*** Source information
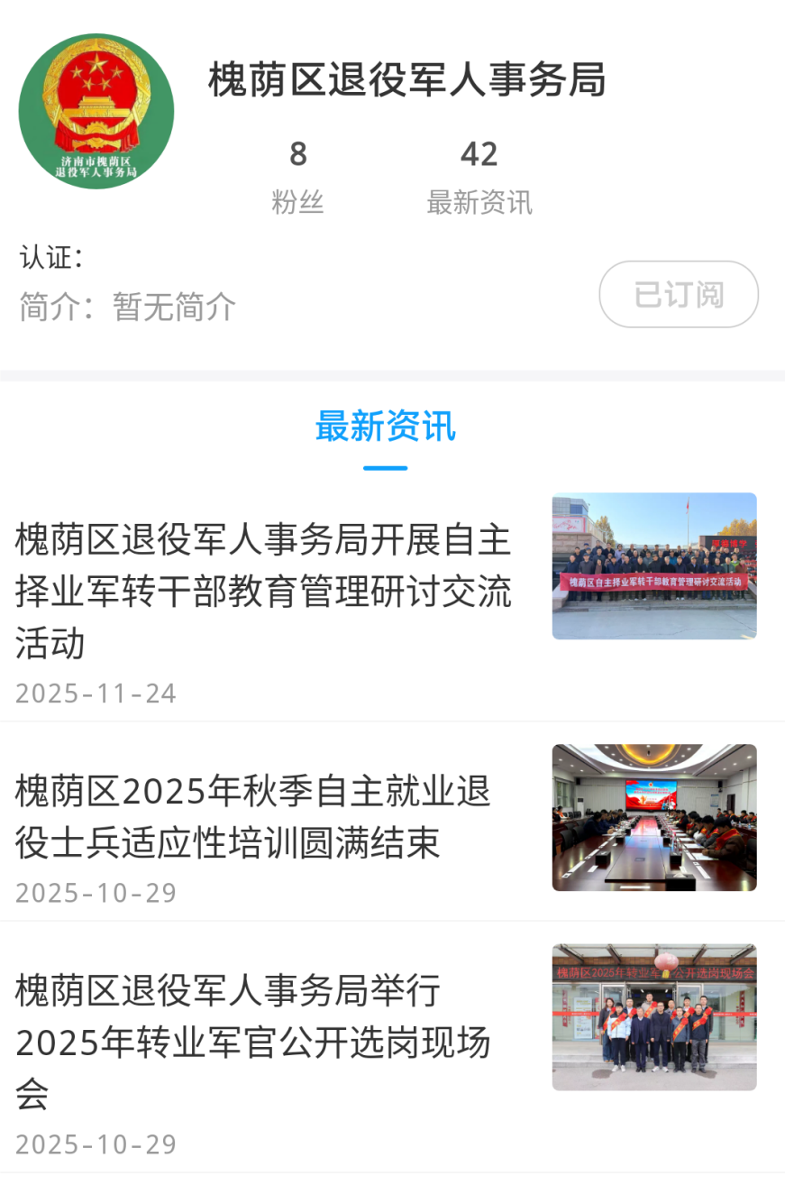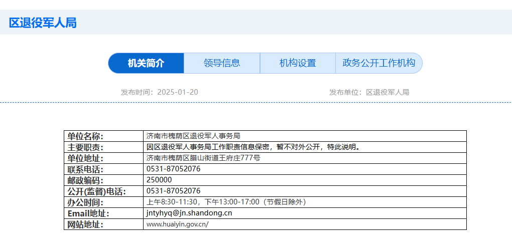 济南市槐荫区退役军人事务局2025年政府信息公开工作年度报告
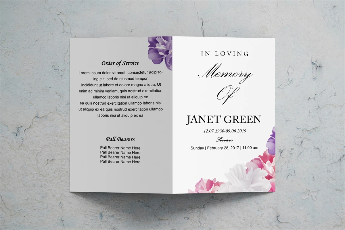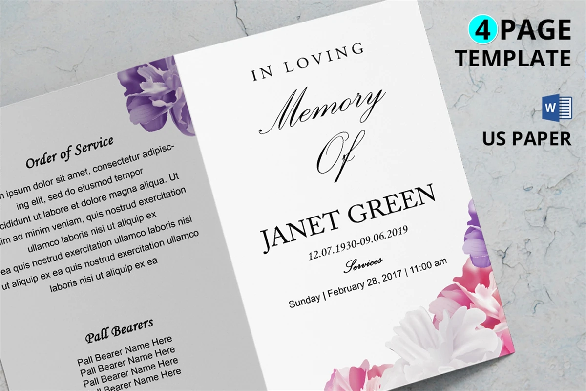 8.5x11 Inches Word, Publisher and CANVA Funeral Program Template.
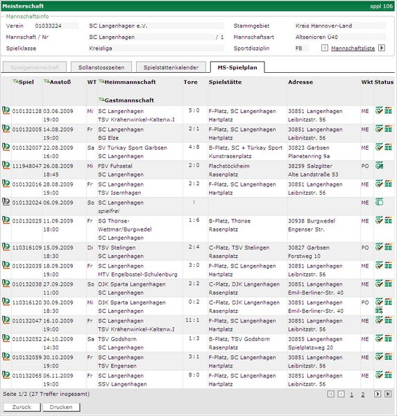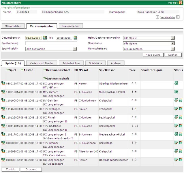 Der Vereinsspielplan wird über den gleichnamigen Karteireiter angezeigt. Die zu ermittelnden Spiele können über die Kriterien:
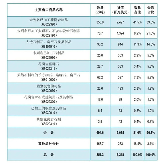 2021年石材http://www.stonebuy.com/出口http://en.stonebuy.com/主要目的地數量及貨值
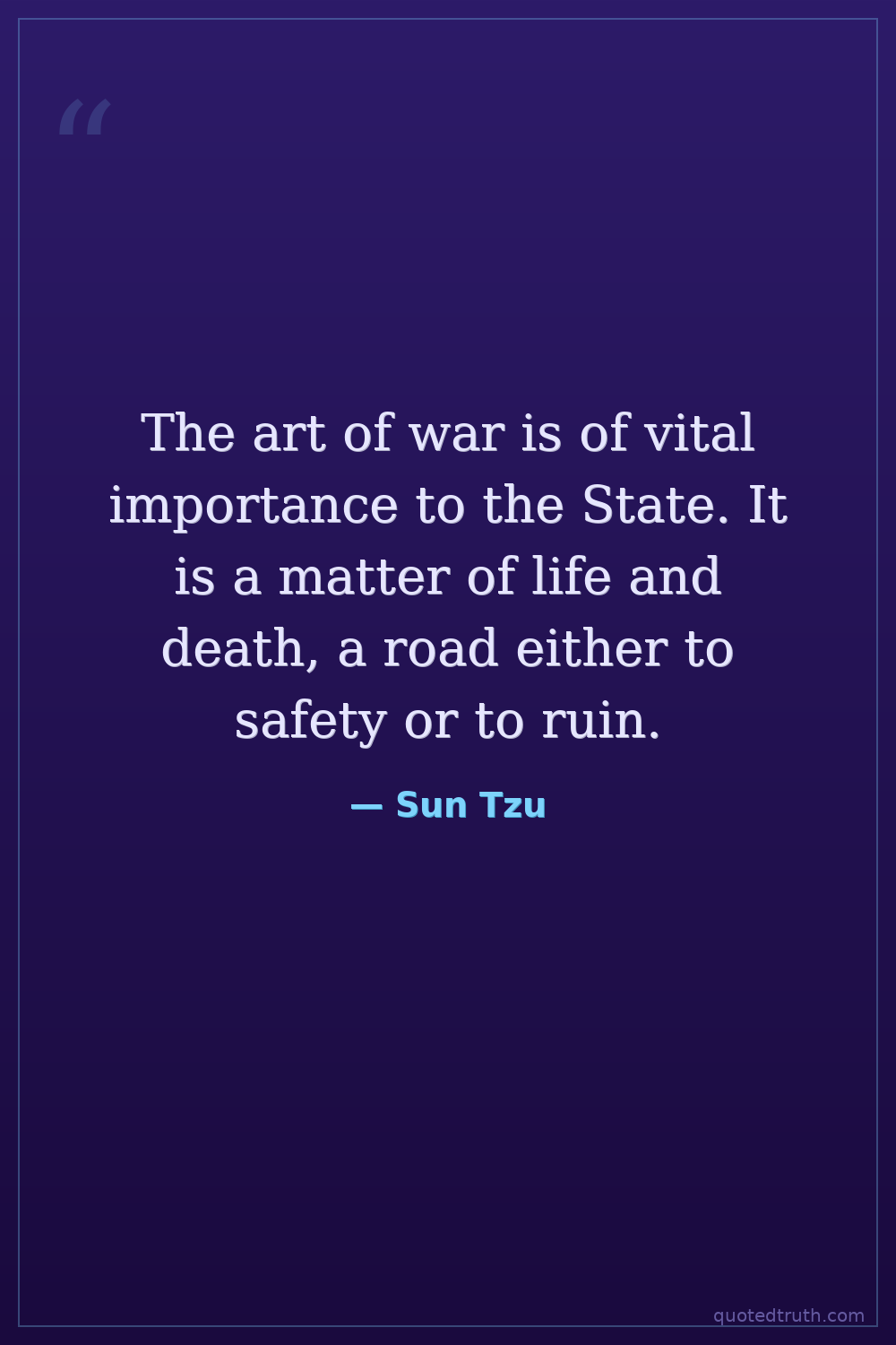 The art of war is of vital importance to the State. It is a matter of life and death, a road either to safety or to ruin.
******
Where the material contains pictures, leave them out and copy the rest verbatim.

 济南市槐荫区退役军人事务局2025年政府信息公开工作年度报告
 8.5x11 Inches Word, Publisher and CANVA Funeral Program Template.
 Der Vereinsspielplan wird über den gleichnamigen Karteireiter angezeigt. Die zu ermittelnden Spiele können über die Kriterien:
 2021年石材http://www.stonebuy.com/出口http://en.stonebuy.com/主要目的地數量及貨值
 The art of war is of vital importance to the State. It is a matter of life and death, a road either to safety or to ruin.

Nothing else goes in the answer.